Interestingly, the blood contained in different areas of the heart can be slightly different colors depending on oxygen content. Blood returning to the heart through the veins is darker, more purple-red as it carries waste carbon dioxide back from the body’s tissues. As this blood enters the right atrium, it mixes and passes through the lungs to pick up fresh oxygen. The refreshed, oxygen-rich blood returning to the left atrium and ventricle then takes on a brighter cherry red color. This color difference allows you to see the separations between the oxygen-rich and oxygen-poor sides of the heart.

The Effect of Coronary Artery Blood Flow

The heart has its own dedicated blood supply via a network of coronary arteries on its surface. These arteries supply oxygen and nutrients to the hard-working cardiac muscle tissue. Bright oxygenated blood flows through the coronary arteries, contributing to the redness of the outer surface of the heart. Blockages in these important arteries can starve areas of the heart of oxygen, leading to cardiac ischemia and heart attacks.

Other Contributing Factors

In addition to the major factors described above, other anatomical elements contribute subtly to the overall color of the heart:

  • Yellow adipose tissue around arteries and underneath the pericardium
  • The whiter-colored tendons anchoring the heart valves
  • Brown nerve fibers conducting signals
  • Clear serous fluid around the heart

The complex combination of all these anatomical elements gives the healthy human heart its characteristic reddish-brown hue.

Variation in Heart Color

While the healthy heart is generally some shade of reddish brown, there can be subtle variation in color between individuals. Factors that can affect heart color include:

Factor Effect on Color
Age Hearts can become more grayish with scar tissue as we age
Sex Women tend to have slightly redder hearts
Genetics Gene variants affect myoglobin levels
Physical fitness Athletic hearts may be darker red
Disease state Illness can cause paler or darker discoloration

However, despite some individual variation, the healthy human heart is remarkably consistent in its deep red-brown color.

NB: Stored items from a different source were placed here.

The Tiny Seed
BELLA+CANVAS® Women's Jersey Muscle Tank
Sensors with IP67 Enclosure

What a Change in Color Could Indicate

Significant changes to the expected red-brown color of the heart may indicate an underlying problem. Here are some key conditions associated with color changes:

  • Cyanosis (blue color) – often indicates low oxygen levels in the blood or defects in the heart’s structure
  • Pale whitish color – can indicate severe anemia or ischemia
  • Yellowish fat deposits – suggest complications like diabetes or hyperlipidemia
  • Black spots – could be clots in the heart or melanin deposits
  • Bright red blood throughout – linked to increased oxygen use by inflamed heart tissues

In most people though, the heart maintains a healthy reddish-brown tone due to the high myoglobin content and oxygenated blood flowing through it. This consistent natural coloration is essential for normal cardiac function.

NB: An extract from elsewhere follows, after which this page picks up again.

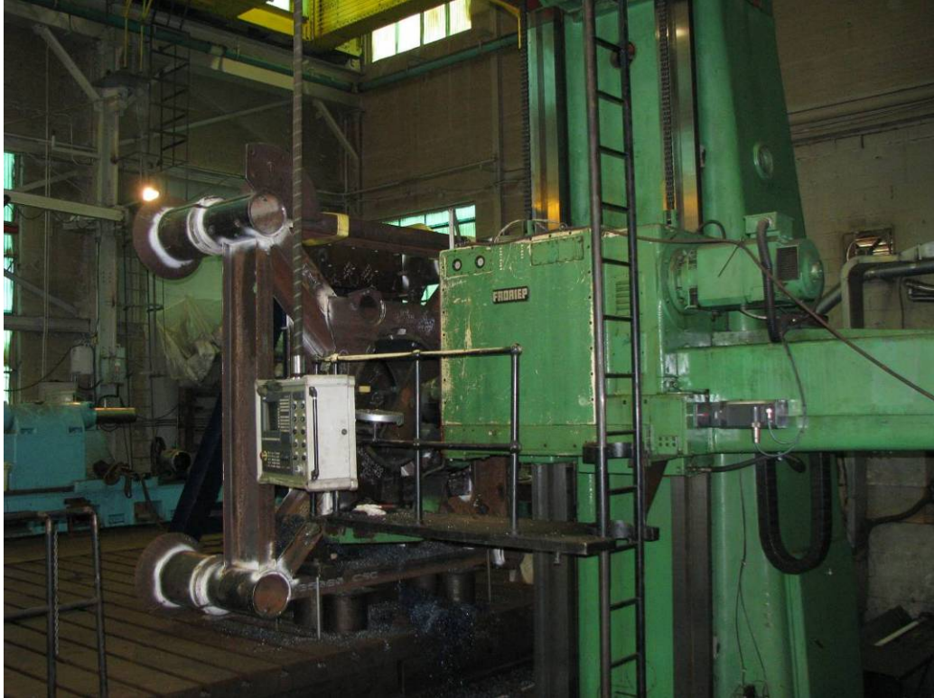
Machining of one of the Permanent Guide Bases for North Amethyst at NewDock

The human heart is truly an amazing organ. Its characteristic reddish-brown color provides key insights into its hard-working anatomy and critical function. This complex coloration arises from the iron-containing myoglobin in cardiac muscle fibers, oxygen-rich blood circulating through the heart’s chambers, and the network of coronary arteries on its surface. Subtle variations in color can occur but are normal. Significant shifts away from its natural tone could signify problems. But for the most part, the human heart beats on with its tell-tale red-brown hue, pulsating life through our bodies.